Словно бесшумная степная птица, он посидел на могиле отца. Вспорхнул под туманными осенними звездами и вернулся обратно, принеся в своих мягких перьях запах огромной заволжской степи, увядших ковылей и Польшей.
Теперь предстояла сладость свидания с мамой и бабушкой. Они пребывали в озаренном, сияющем, драгоценном пространстве, в которое он попадал, закрыв глаза, огибая малый уступ в сознании, протискиваясь сквозь узкое отверстие в височной кости. Там, за этой преградой, возникала маленькая милая комната, вечер, синий снег за окном. Они втроем сидят под оранжевым абажуром, каждый занят своим. Бабушка, нацепив очки, читает маленький томик Евангелия, беззвучно шевелит губами, улыбается, тихо вздыхает. Тот, кому она улыбается, светлоликий, в венце из роз, въезжает на белом осляти в Великий Город. Бабушка умиляется, любит его, вникает в его притчи и проповеди. Мама строчит на машинке, – маленькая ручная машинка с хромированным колесом, с тяжелой чугунной станиной, инкрустированной ломтиками перламутра. Если слегка склонить голову, они засверкают, ярче заблестит хромированное колесо, замелькает шелковая золотистая нитка, и мамина рука, белая, ловкая, утопает в складках пышной материи. Он же готовит урок, сидит над раскрытой книгой, и в ней – большая восхитительная буква «А», рядом зеленый, с черной рябью арбуз и другой, рассеченный надвое, с малиновой сердцевиной.
Хлопьянов оцепенел, погрузившись в это чудное остановленное мгновение, где все они вместе, любят друг друга, соединенные неразлучно под розовым абажуром в зимний московский вечер.
Почерневшая щель над дверью налилась водянистым светом, ярко и сочно вспыхнула и померкла. Налетел и умолк звук остановившегося автомобиля. Раздались шаги. Замерли снаружи у двери. Хлопьянов ждал, что дверь распахнется и в него, сидящего у стены, вонзятся ослепительные лучи фонаря.

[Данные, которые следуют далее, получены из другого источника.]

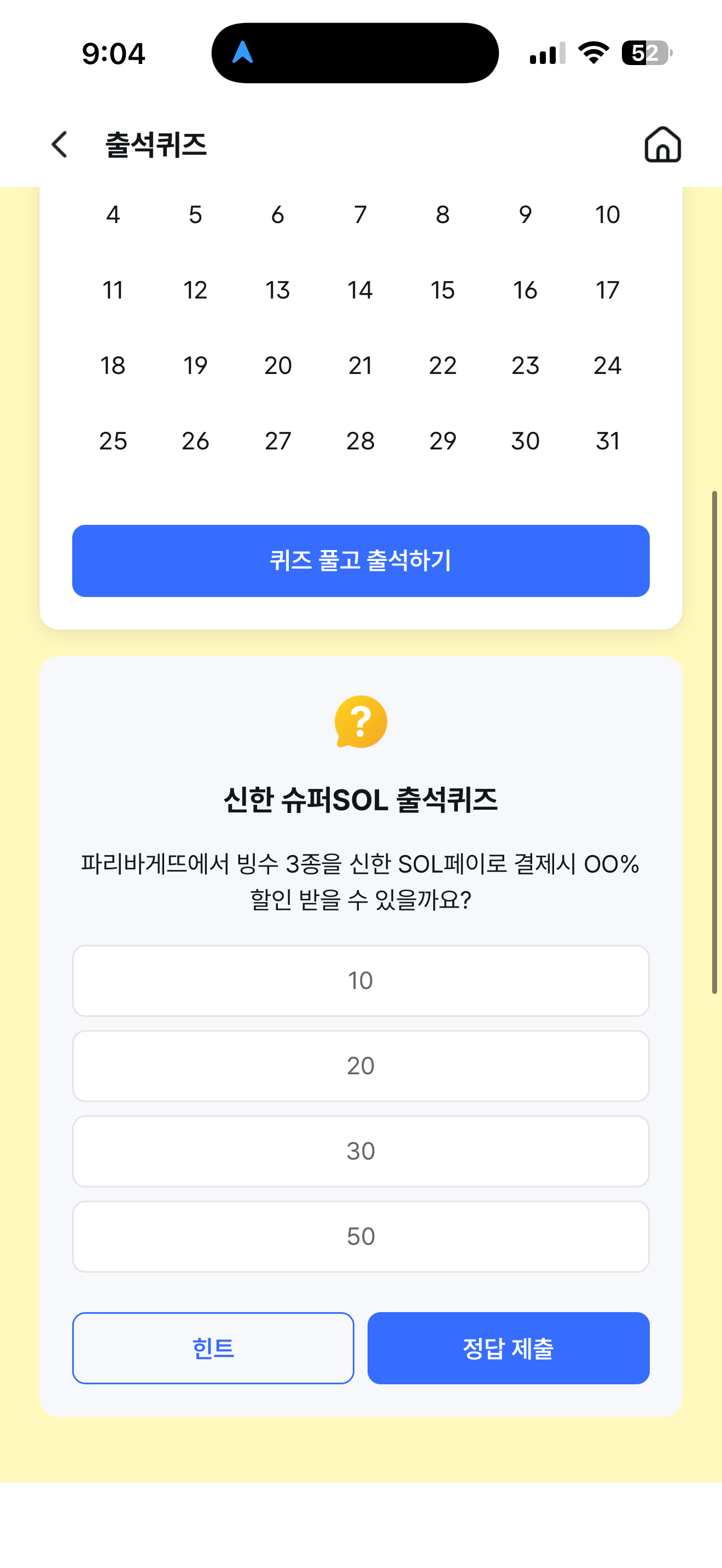 신한 슈퍼SOL 출석퀴즈 정답은 50 입니다
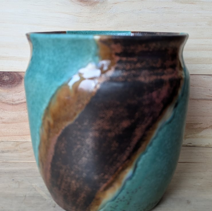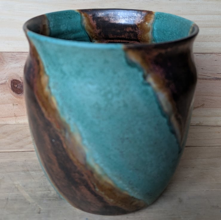 I don't often make vases but had a go at making a few. Shiny copper accents with this lovely bright green glaze. Lovely smooth glaze, fired to c1200 degrees (stoneware temperature).
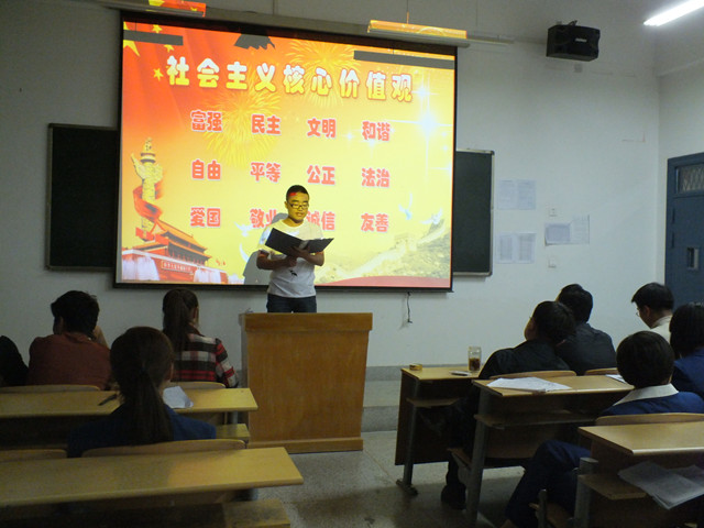 為深入學(xué)習(xí)貫徹黨的十八大精神和習(xí)近平總書記系列講話中關(guān)于大力推進(jìn)社會主義核心價(jià)值體系建設(shè)的要求,積極響應(yīng)院團(tuán)委的號召,我系于4月14日組織師生在4號教學(xué)樓313教室開展了“社會主義核心價(jià)值觀引領(lǐng)我成長”主題演講比賽。

– Прикажете открыть? – кто-то предупредительно и подобострастно спросил.
– Не к спеху. Завтра откроешь, – ответил другой голос, властный и раздраженный. И Хлопьянов узнал Хозяина. Не удивился, – эта вилла принадлежала Хозяину, и бункер принадлежал Хозяину, и пленный Хлопьянов принадлежал Хозяину. Встреча их была неизбежна.
Шаги удалились. Он снова вытянулся у стены и уныло, печально ощущал, как проникает в него ледяная сырость. Его ум, потревоженный голосами, блуждал теперь среди сумеречных случайных образов.
Ему казалось, он парит в мироздании, среди звезд и светил, в проблесках косматых комет и летучих метеоров. Мирозданье цветет, источает зори и радуги. Сотворяются миры и пространства, дышат, живут. В них царствует разум. Все движется, ликует, струится. Славит кого-то, кто создал эту многоцветную живую Вселенную, и каждая звезда и светило, каждая населенная жизнью планета славит Творца. Но где-то за млечным росистым туманом, за серебряными водоворотами галактик присутствует темная непрозрачная точка. Малое затемненное пятнышко, куда, как в воронку, тянутся нити звезд, искривляют пути, меняют свои траектории, всасываются в темную дырку. Ударяют в нее и гаснут. В этом малом отверстии пропадает материя. Огромный сверкающий жгут, слипаясь, сталкиваясь, превращаясь в огонь и взрыв, тонет в черной дыре. Небо рябит, как вода. Двоятся и туманятся звезды. Срываются и меркнут, как люстры. На планетах горят леса, оживают и сочатся вулканы, рушатся города, падают в реку мосты. Их маленький дворик с песочницей и деревом клена начинает сотрясаться. Трещина бежит по земле, расщепляет надвое клен. Его совочки и формочки, его песочные куличи падают в бездонную щель, и туда же, как скатерть со стола, стягивается и пропадает весь мир.
Он проснулся в страхе. Сон был вещий, о нем, об истинном устройстве Вселенной. В ней не было божественного престола, не было рая и ангелов, Доброты и Премудрости, а только черная сливная дыра, куда всасывалась бессмысленная, обреченная на исчезновение материя.
Он встал и начал ходить, желая сбросить наваждение. Шел вдоль стен, заложив скованные руки за спину, воспроизводя квадрат. «Черный квадрат, – усмехнулся он, шаркая плечом по бетону. – Рисую черный квадрат. »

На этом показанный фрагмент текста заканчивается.